Меня слушали сотни. Я видела сотни хмурых и мужественных, испуганных и хитроватых лиц. На меня смотрели. Я себя называла. Меня запомнили. Но год спустя, при следствии в СССР по моему делу, не было ни одного свидетельства об этом моем единственном публичном выступлении за рубежом, ни один из моих тогдашних слушателей не сказал обо мне ни слова. Это облегчило мне приговор лишь на 7 лет срока. И только в заключении то один, то другой из казаков-зеков в минуты удобные говорили: «А я вас помню, сестрица (в лагерях я работала сестрою), как вы в полках нам говорили. Истинную правду говорили!» И, мало того, в советских лагерях с преобладанием казаков я все время чувствовала себя под их защитой. Однажды по лагучастку распространился ложный слух, что меня изнасиловали. Пришел бригадир из наших и сказал, если это правда, чтоб я не стыдилась. «Ты, сестрица, нам только скажи: кто?!» Я уверила его, что от них самую горькую истину скрывать не стала бы, потому что они мне братья. Да, с этого дня, когда я, высокомерная интеллектуалка, приехала к своему грешному народу, они мне стали братья. Но все это — годы спустя. А тогда, глядя на эти мужественно-суровые лица, я понимала, что среди них есть и те, озверелые, кто принимал участие в кровавых делах против евреев, кто мстил, кто мародерствовал, кто попал в эти ряды ради интересов желудка, но душою сливалась с ними, готовая и на совместную смерть и жизнь. Это был мой народ со всеми его светлыми и темными качествами.
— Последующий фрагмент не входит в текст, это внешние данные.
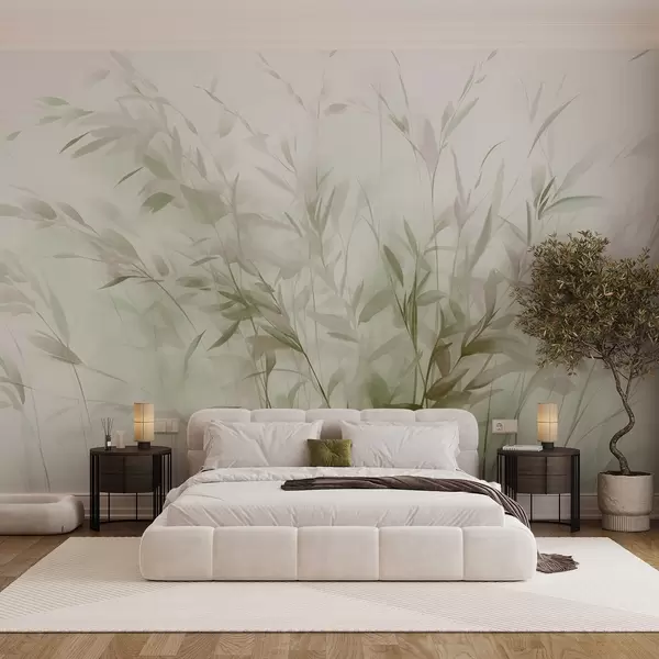 Фототапет Трева и плевели с тънки листа и стъбла, светлозелени и кафяви цветове, меки и деликатни движения на четката, минималистичен печат Nr w09342

4. «Тайна» нашей репатриации[10]
«…Если ж дров в печи
плавильной мало,
Господи! Вот плоть моя!»
М. Волошин
Программа сопротивления была не сложна и наивна. Всем без исключения: солдатам, и «куркулям», и женщинам со всеми детьми следовало образовать вокруг аналоев с иконами, вокруг священников, начавших молебен о спасении, плотный массив и противостоять даже выстрелам, драться с англичанами врукопашную, поднимая им навстречу иконы и детей. Почему-то у простых людей была вера: молящихся нас не посмеют взять насилием. Мы все еще были в иллюзии «свободного мира», в котором религия уважаема. Стемнело. Благоразумные стали пробираться из «станицы» в горы (их и там позднее похватали в большинстве). Горы начинались лесочком, за Дравой. Ушли последние мои друзья-спутники Каргины, оставив мне ватное одеяло, верно послужившее мне потом в лагерях, когда нары покрывались изморозью. Жена Михаила Земцова ломала руки: «Они ж меня дитем будут пытать, чтоб я о Михаиле им все рассказала!»
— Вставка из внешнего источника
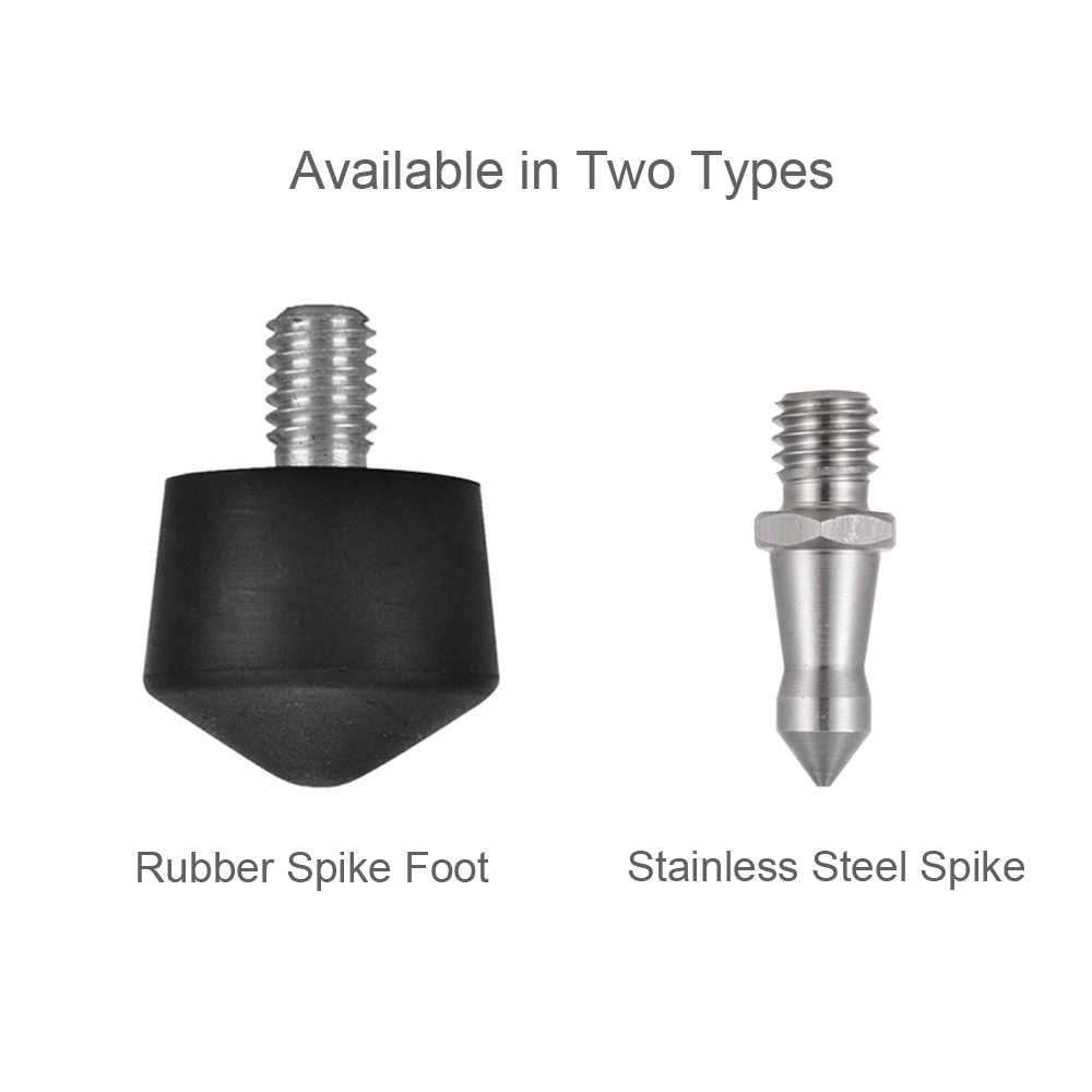 - The universal anti-skid rubber foot spikes are designed to prevent the tripod from slipping on smooth surfaces and provide extra stability on uneven terrain.

С первым движением рассвета, 1-го июня, мы все вышли на огромный плац перед бараками. От бараков через мутную и бурно бегущую Драву (на горной реке в жаркие дни начался паводок) проложен был деревянный мост, а на другом берегу, в реденьком лесочке, виднелись брички и привязанные кони, хозяева которых тоже ушли на плац. Взяли с собой еду и пеленки — сопротивление мыслилось долгим. Религиозный экстаз был велик. Всю ночь священники исповедовали желающих.
На рассвете с началом молебна многотысячная толпа опустилась на колени. Вдали на возвышении стоял ведающий репатриацией майор Дэвис и наш новый молоденький атаман. О форме нашего сопротивления майор был предупрежден. В середине безмерной толпы блистал лес хоругвей. Женщины, дети и штатские были в середине. Их окружал массив безоружных солдат, строем прибывших «из полков». Они готовы были принять первый удар насилия.
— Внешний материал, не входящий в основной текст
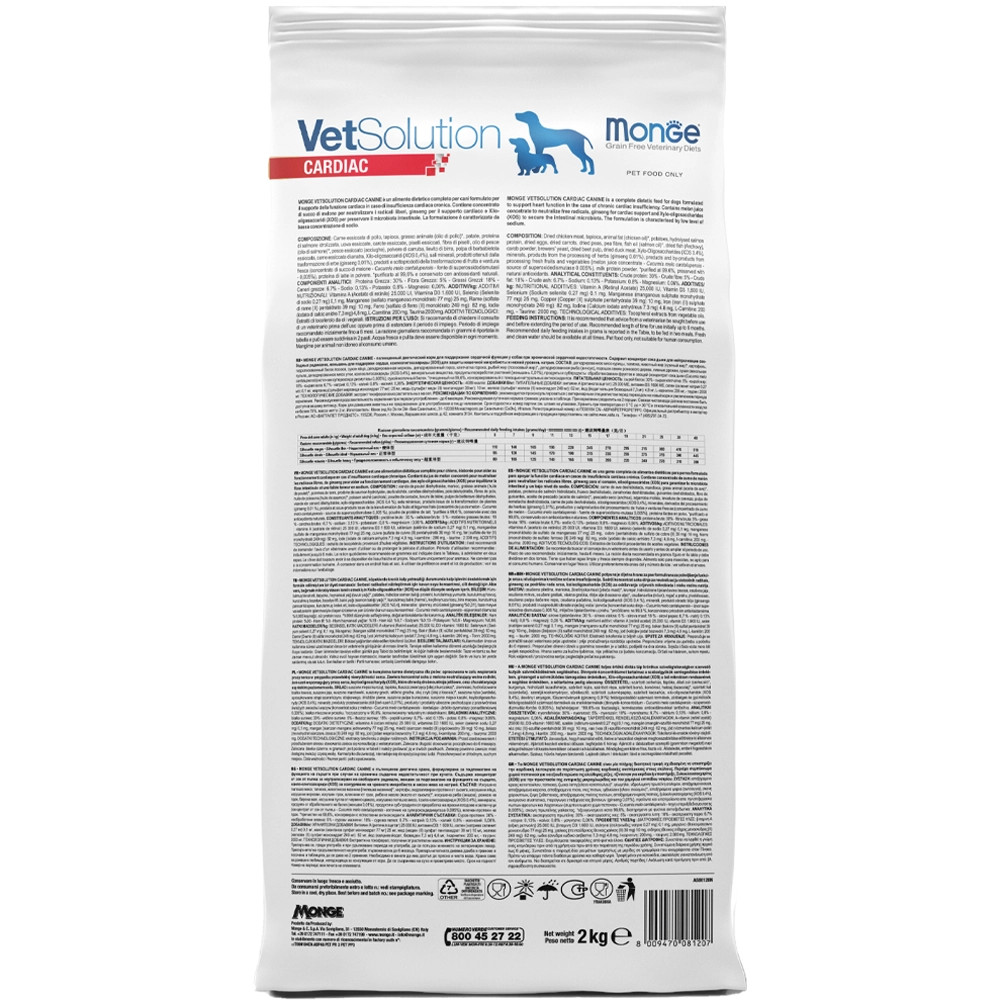 A Monge VetSolution Cardiac Canine egy teljes értékű diétás táplálék kutyák számára, amely krónikus szívelégtelenség esetén támogatja a szív működését. Tartalmaz dinnye koncentrátumot a szabad gyökök semlegesítésére, ginsenget a szív működésének támogatására és xilo-oligoszacharidokat (XOS) a bélflóra védelmére. A készítmény alacsony nátriumtartalommal rendelkezik.

Толпу молящихся качнуло. В середину доползли шепоты: нас окружают танки. В ясном утреннем воздухе слышалось какое-то металлическое клацанье и могучие раскаты хора: «Спаси, Господи, люди твоя…» Толпа притаила дыхание. Молчали дети, которым передался ужас матерей. (Я приметила тогда и прежде, еще в Москве при бомбежке, что в минуты крайней опасности грудные дети не кричат). От шоссе послышался шум автомоторов. «Машины за нами», — прошелестело в толпе. Редкие выстрелы, автоматные очереди. То ли кто из притаивших оружие нарушил ранее данный запрет (сопротивляться только безоруженными), то ли солдаты противника не удержались. Выстрелов было мало: рядом был город Лиенц. Монастырь. Подлые дела следовало делать с меньшим количеством шума.
Толпу стало раскачивать: люди не размыкали сцепленных от одного к другому рук. Раздались одинокие крики, звуки глухих ударов: «Убивают!». Толпа сжималась. Дышать становилось нечем. Дети закричали. Их на вытянутых руках поднимают над «Ходынкой». Дети постарше, сидящие на плечах взрослых, рассказывают, что делается на периферии толпы: «Хватают… Бросают в машины лежмя… Бьют палками… (это были резиновые дубинки). Уже мертвые на поле лежат…». А танки все туже сжимали толпу. Вслед за духовенством запели все — несколько тысяч. На колени стать уже было невозможно.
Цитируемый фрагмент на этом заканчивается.